Like everybody else I am fascinated with money. Although I would like to read about methods of controlling my spending urges, I want to learn more about where it came from, how it went down in history, how does capital accumulate and grow, and how does it affect societies. So move over mysticism and tales of the love-inspired Majnun. The History of Money by Jack Weatherford is a fasci-nating account but I mustered up the courage to read Thomas Picketty’s highly recommended Capital in the Twenty-First Century, a giant of a book that is still a bestseller everywhere. I began with bated breath until my head was swimming with wealth accumulation, distribution and inequality. I don’t have to be put under duress to confess that I could not read through the intimidating bulk of the book. I would have been sweating on this one and banging my head at the same time, but I was saved by the Karachi heatwave. As anybody can imagine, I survived to tell the tale.
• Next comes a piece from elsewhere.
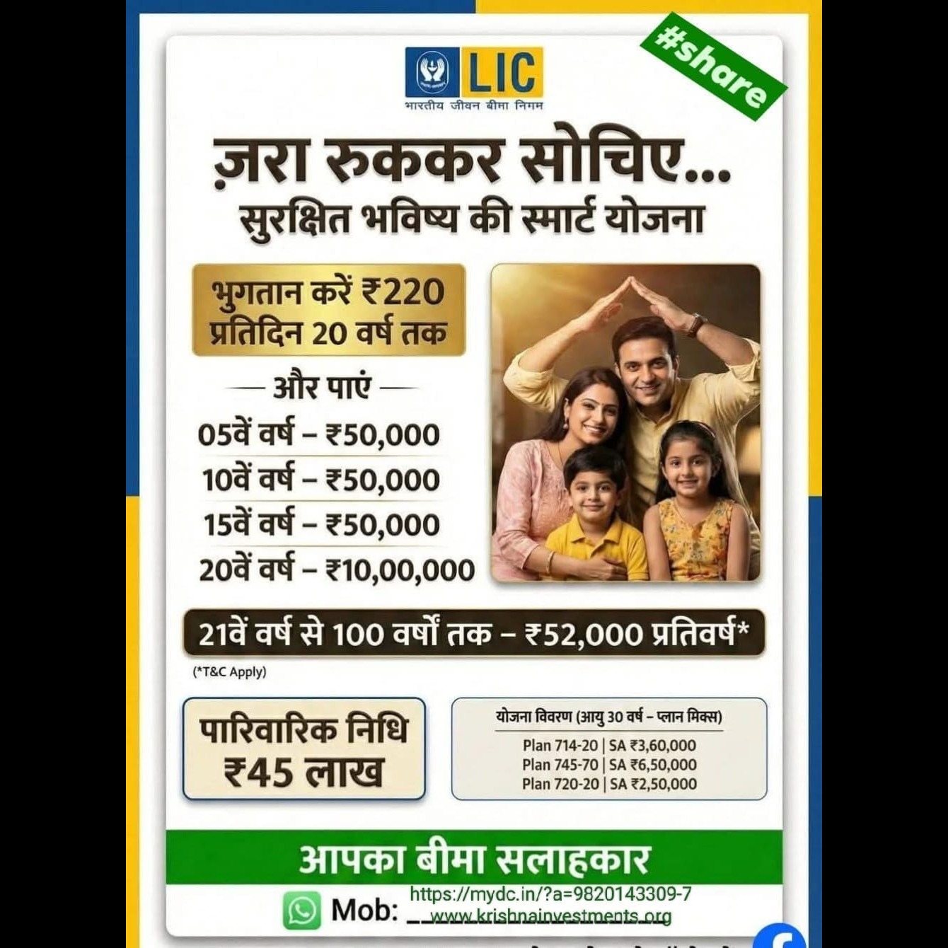 π Stop and Think β Secure Feature With............π€© Smart Plan....ππ By saving just βΉ 220 per day for 20 years you will get .. βΉ 50, 000 at 5th year ... βΉ 50, 000 at 10th year βΉ 50, 000 at 15th year βΉ 10 lakh at 20th and after 21st year till 100 years βΉ 55, 000 every year π β€ To Know more about our provided services click on given link... https://mydc.in/?a=9820143309-10 contact me for more information.. https://saathi.licindia.co.in/s/shailesh-joshi/81280925 our financial adviser / best advisor in Mumbai / health insurance / corporate medical Insurance #LICPolicy2025 #insurancelearners #licjeevanumang #LICInvestment #LICScheme #lifeinsurancechallenge #LICPOlicyHolders #lifeinsurancebroker #licadvisor #LifeInsuranceAwarenessMonth #licplanning #licplan #financial Mr. Shailesh Joshi Mobile no : 9820143309 E Mail: krishnainvestments.org freedom #licfdplan #licposters

The rising temperature, the unbearable and stifling heat, and the daily toll of the dead made me pull out this thick tome from the steadily growing pile of must-reads. Karachi would have made an ideal case study for this book. Appropriately it is called This Changes Everything: Capitalism vs. the Climate, and is the latest book penned by Naomi Klein, the renowned Canadian journalist who is the author of two other important books and has taken on a single-handed crusade against what is described as “the most profound threat humanity has ever received: the war the current economic model is waging against life on earth” — all forms of life that is. Are we going to twiddle our thumbs as we watch another wave of mass extinction?

Klein takes on the issues of climate change and not only does she debunk several myths, she is very clear in identifying corporate greed as the driving force behind the mass destruction. No less than a “civilisational wake-up call”, I can understand why Arundhati Roy speaks of her as “among the most inspirational political thinkers in the world today” and Amitav Ghosh considers it “one of the most important books of the decade.” The part I liked best about the book is that moving on from the problems Klein is very lucid on the solutions: “reining in corporate power, rebuilding local econo-mies and reclaiming democracies,” all lessons which we in Pakistan need to take seriously.

If you are not put off by the title or the theme, then you will be fascinated by The Emperor of All Maladies: A Biography of Cancer, by Siddhartha Mukherjee, no less gripping than a thriller in the best sense of the word and presented in such a way as to make cancer a theme you would want to read about. It is a far cry from the jargon-filled do-it-yourself or all-you-needed-to-know kind of books and does not intimidate the reader with medical terminology. Filled with details, nevertheless, it makes cancer come alive as a human concern, a subject worthy of attention.

Not that I am obtuse in picking up vibes about books, but it took strong recommendations from three cousins one after another before I managed to pick up Jared Diamond’s Guns, Germs, and Steel: The Fates of Human Societies, with the enigmatic description “a short history of everybody for the last 13,000 years”. It describes itself as an enquiry but it is really a guide to the question as to why Europe became the “cradle of modern societies” and gave rise to capitalism and science as we know it, which are then defined as the two dominant forces in our contemporary world. Packed with information, the book is highly readable but the best thing is that sceptics such as myself don’t have to agree with the forceful flow of the cold, cutting logic.

Can I sneak in a book I have not read but would very much like to? But then what are reading lists if not extended wish lists? Even more than the novels of the elusive Elena Ferrante, top on my wish list is Only the Longest Threads by Tasneem Zehra Husain, a top physicist-turned-author and I am currently waiting to get a copy. Until then I have to be content with descriptions which are highly unusual: “Science is done by real human beings, with human concerns. Only the Longest Threads tells a story that conveys the human side of science in a way that is as moving as it is accurate”, says the recommendation from Sean Carroll, himself a theoretical physicist and author.